▸ Dataset content:

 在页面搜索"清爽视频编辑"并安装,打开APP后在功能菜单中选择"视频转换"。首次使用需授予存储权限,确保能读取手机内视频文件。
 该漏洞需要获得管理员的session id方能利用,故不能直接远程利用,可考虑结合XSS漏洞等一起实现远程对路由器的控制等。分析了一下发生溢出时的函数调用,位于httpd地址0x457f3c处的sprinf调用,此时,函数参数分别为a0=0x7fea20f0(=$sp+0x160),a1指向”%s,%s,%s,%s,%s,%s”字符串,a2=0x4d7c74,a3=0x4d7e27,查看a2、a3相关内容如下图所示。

--

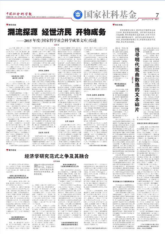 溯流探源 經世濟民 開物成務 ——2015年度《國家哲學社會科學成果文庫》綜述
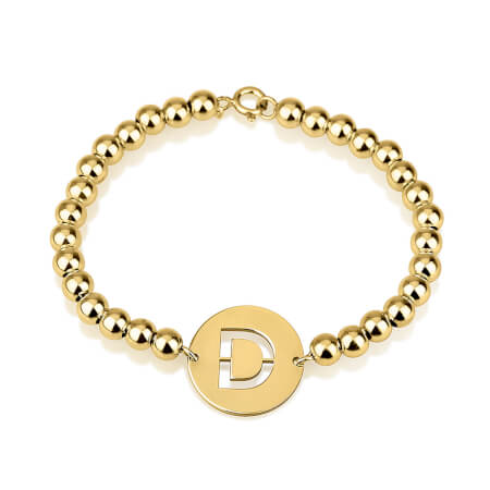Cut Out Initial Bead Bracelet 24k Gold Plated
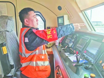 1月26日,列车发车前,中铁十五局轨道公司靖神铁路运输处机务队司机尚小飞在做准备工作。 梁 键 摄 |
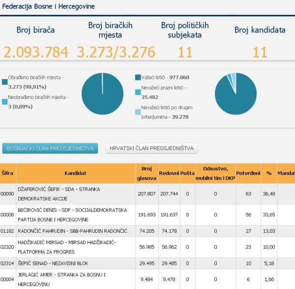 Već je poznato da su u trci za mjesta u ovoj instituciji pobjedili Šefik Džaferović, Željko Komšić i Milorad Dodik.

▸ Task goal: Output exactly the lines above, beginning at the one with "1月26日,列车发车前,中铁十五局轨道公司靖神铁路运输处机务队司机尚小飞在做准备工作。 梁 键" and stopping after the one with "Već je poznato". Pictures are to be omitted.

▸ Task output:
 1月26日,列车发车前,中铁十五局轨道公司靖神铁路运输处机务队司机尚小飞在做准备工作。 梁 键 摄 |
 Već je poznato da su u trci za mjesta u ovoj instituciji pobjedili Šefik Džaferović, Željko Komšić i Milorad Dodik.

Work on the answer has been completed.